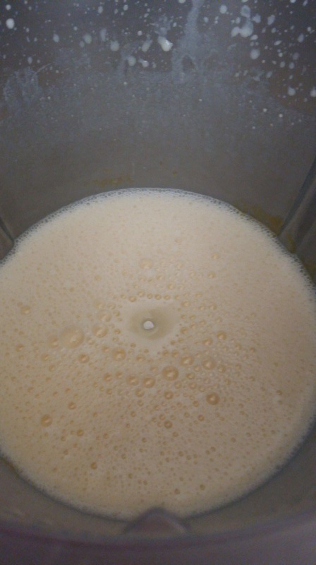 - Ajouter la farine, la crème, le lait, parfumer en râpant un peu de fève Tonka, ne pas la mettre entièrement le goût risque d’être trop prononcé puis mélanger 40sec/Vit4.
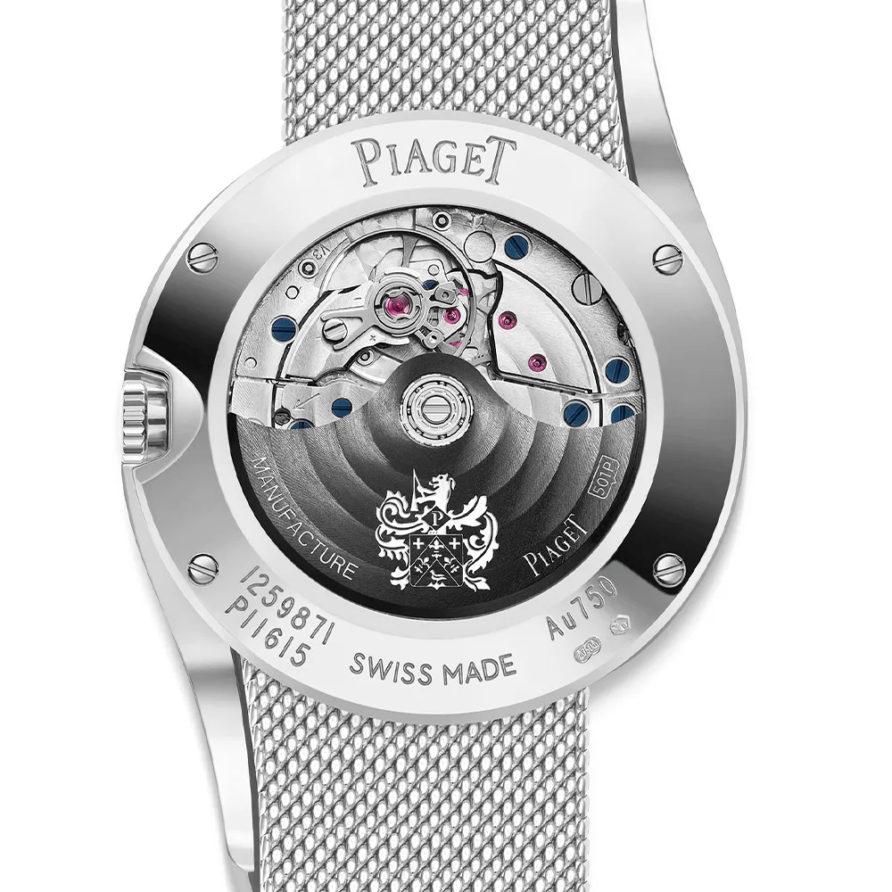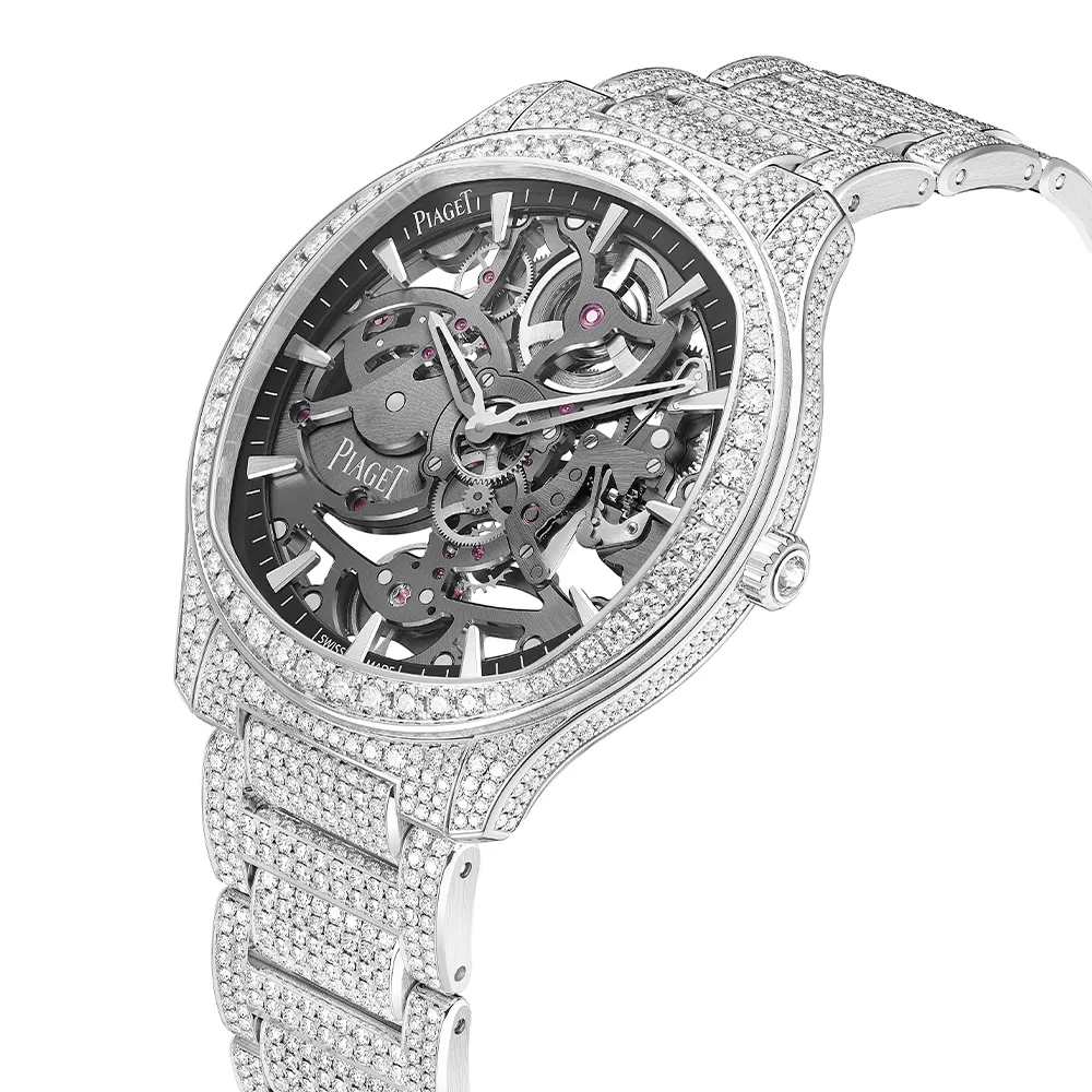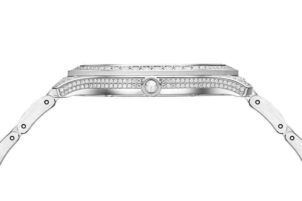Polo系列高级珠宝镂空腕表的表壳为18K白金材质,直径42毫米,厚度只需7.35毫米。本款腕表通体镶嵌了绚烂的钻石,表壳上有268颗(总重约2.43克拉)、18K白金表链上有1478颗(总重约10.04克拉),最后在表冠上也反向镶入一颗重量约为0.05克拉的钻石作为点睛之笔。整表的防水才干为30米水深,表扣为折叠扣。
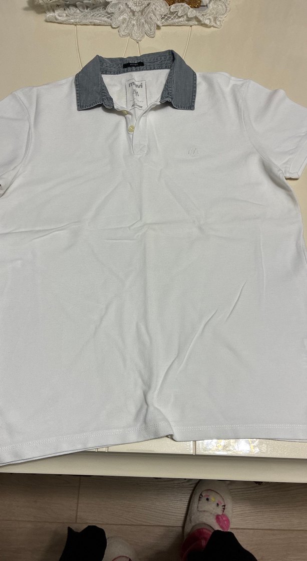 Gri yakalı detaylara sahip beyaz erkek polo tişört, kısa kollu ve normal boyda, sokak stiline uygun düz kesim ve sentetik kumaştan üretilmiştir. ⚪beden 50. boy 69
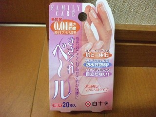 最近、「モラタメ」にはまっている私。実売価格 1,680円(税込) 送料関係費 840円です。↑4個セットでした。指先のささくれ、あかぎれの保護によいというのが、私が購入した一番の理由。これが私の荒れた指先。これに「ささくれベール」を貼ってみると、薄さ0.01mmなので、本当に薄く、最初は貼るのにこつがいりました。指先が割れているので、貼り方が難しい。あまり上手に貼れませんでした。ささくれにはよいかも。水仕事をしても、指先をしっかり保護しますとありますが、私は何度も取れてきて、貼り替えました。手荒れが気になる主婦としては、よい商品なのかも。指先のささくれ あかぎれの保護に!ささくれベール(20枚入り) 【花屋】【フローリスト】【保...
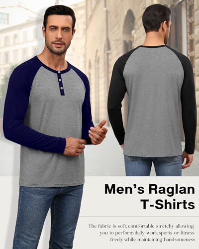 3 Pack Men's Long Sleeve Baseball Raglan T-Shirts S-3XL, Henley Tops Sport Athletic Jersey Tee Cotton Shirts 5
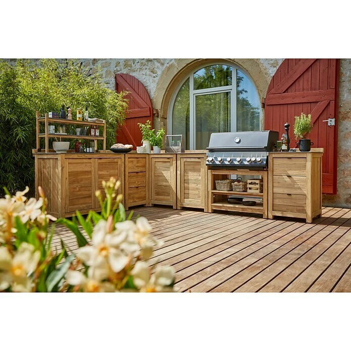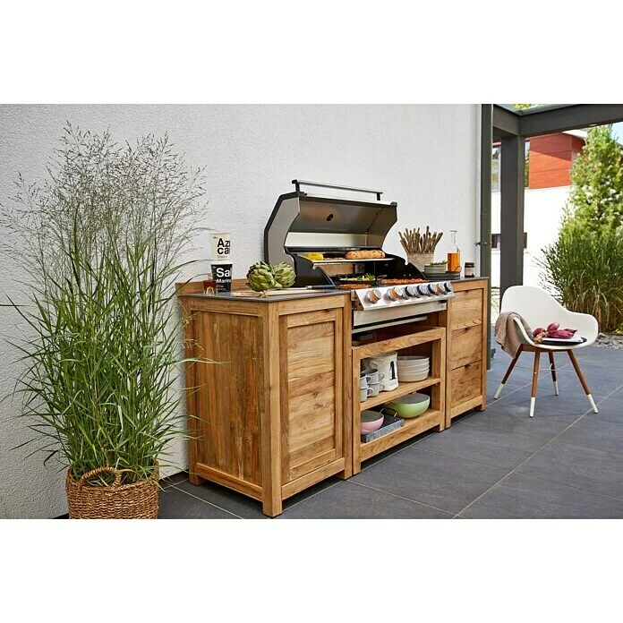 Mit den Zoe Teak Grillküchen-Modulen kann eine individuelle Outdoor-Küche zusammengestellt werden, welche durch verschiedene Kombinationen ideal an die Gegebenheiten auf der eigenen Terrasse oder im heimischen Garten angepasst werden kann.
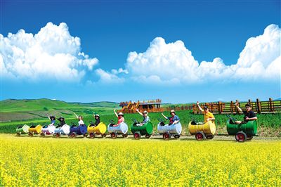7月12日,游客乘坐卡通小火車觀賞油菜花海。記者 李新軍攝
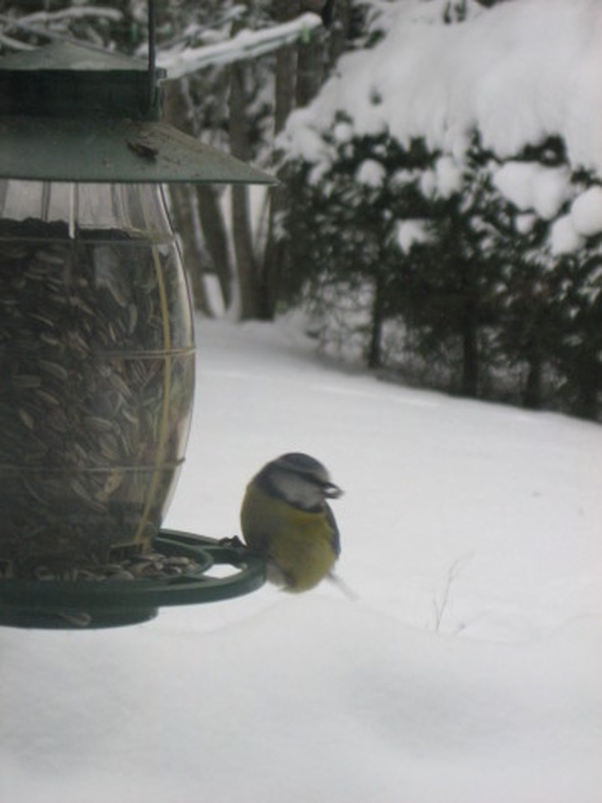 Lintulauta Aamupalalla 9.2.2012 klo 15:35 Lintulaudallamme näkyy kuusi-hömö-töyhtö-sini ja talitiaisia ja punatulkkuja
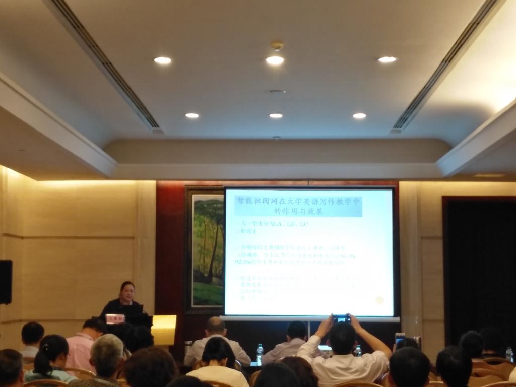财神捕鱼 王素娟老师应邀在会上作了“英文写作智能批阅系统在大英教学中的使用经验及效果分享”的报告,王老师对智能英文写作批阅系统进行了较深入的探索与研究,对该系统在大学英语写作教学中的使用和对学生英语写作水平提升的效果做了详细的分析。结合当前的分层教学,她分享了智能批阅系统对不同层次的学生使用的效果是多维度的,具有高时效性、丰富的语料库支持,对提升学生作文的质量和写作成就感、培养学生的课外自主学习能力等方面起到积极有效的作用,同时提出优化智能评阅系统的建议,与参会专家、兄弟院校的老师做了充分的交流,以提升智能写作批阅系统在大学英语写作教学中的作用,紧随新时代外语数字教学平台与资源在大学英语教学中的应用步伐。她在汇报时语言风趣、内容翔实、见解独到、建议中肯,她的报告得到与会专家、学者、兄弟院校老师们的一致好评,彰显了近些年财神捕鱼 大学英语教学改革所取得的扎实成绩,提升了财神捕鱼 在全国的知名度。
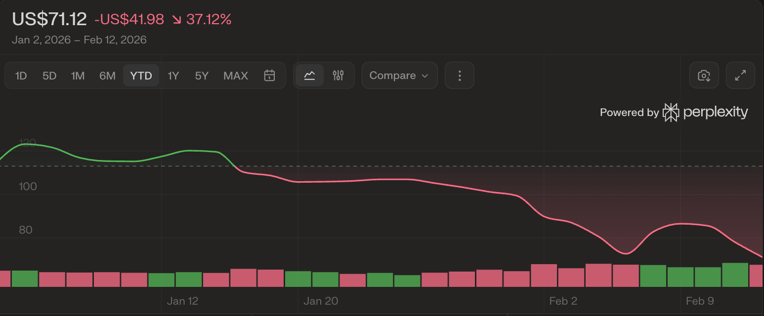 Earnings time 🤑 Robinhood’s HOOD 0.00%↑ stock is down more than 37% year-to-date, over 50% off its October 2025 high of $152. A Q4 revenue miss ($1.28 billion versus the $1.34 billion consensus), a 38% YoY drop in crypto trading revenue, and a broader Bitcoin selloff have cratered sentiment. Analysts are now slashing price targets. The narrative has flipped back to crypto-dependent casino 🥶
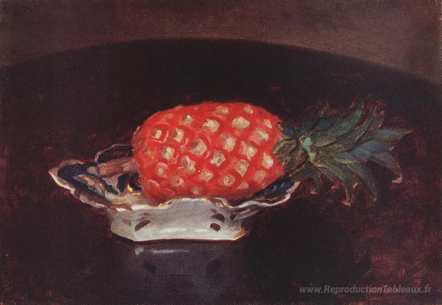 Nous vous proposons une reproduction artisanale sur toile du célèbre tableau 'Ananas' de Karoly Ferenczy, provenant du Musée de la Reproduction.
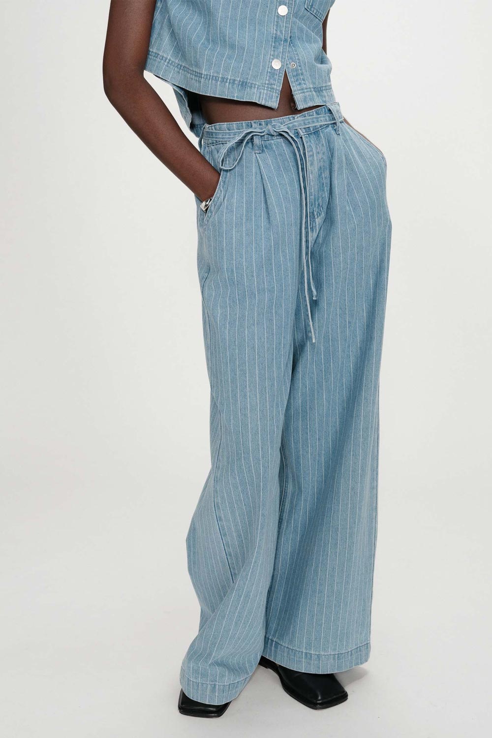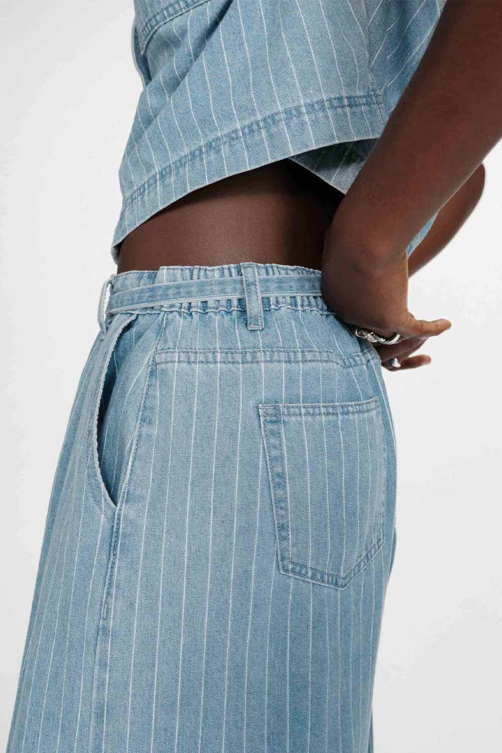 Jean baggy en toile de coton, couleur bleu à rayures blanches.
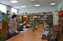 В 1а и 1б классах в библиотеке прошел библиотечный урок. "Библиотека, книжка, я -вместе дружная семья".
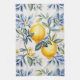 Blue and white Mediterranean tile lemon kitchen towels. Beautiful painted lemons background. You can add text to personalise.

__________

## What you are asked to do
Everything from the line containing "Earnings time 🤑" to the last line of the records above should be reproduced exactly, except the pictures.

## Solution
 Earnings time 🤑 Robinhood’s HOOD 0.00%↑ stock is down more than 37% year-to-date, over 50% off its October 2025 high of $152. A Q4 revenue miss ($1.28 billion versus the $1.34 billion consensus), a 38% YoY drop in crypto trading revenue, and a broader Bitcoin selloff have cratered sentiment. Analysts are now slashing price targets. The narrative has flipped back to crypto-dependent casino 🥶
 Nous vous proposons une reproduction artisanale sur toile du célèbre tableau 'Ananas' de Karoly Ferenczy, provenant du Musée de la Reproduction.
 Jean baggy en toile de coton, couleur bleu à rayures blanches.
 В 1а и 1б классах в библиотеке прошел библиотечный урок. "Библиотека, книжка, я -вместе дружная семья".
 Blue and white Mediterranean tile lemon kitchen towels. Beautiful painted lemons background. You can add text to personalise.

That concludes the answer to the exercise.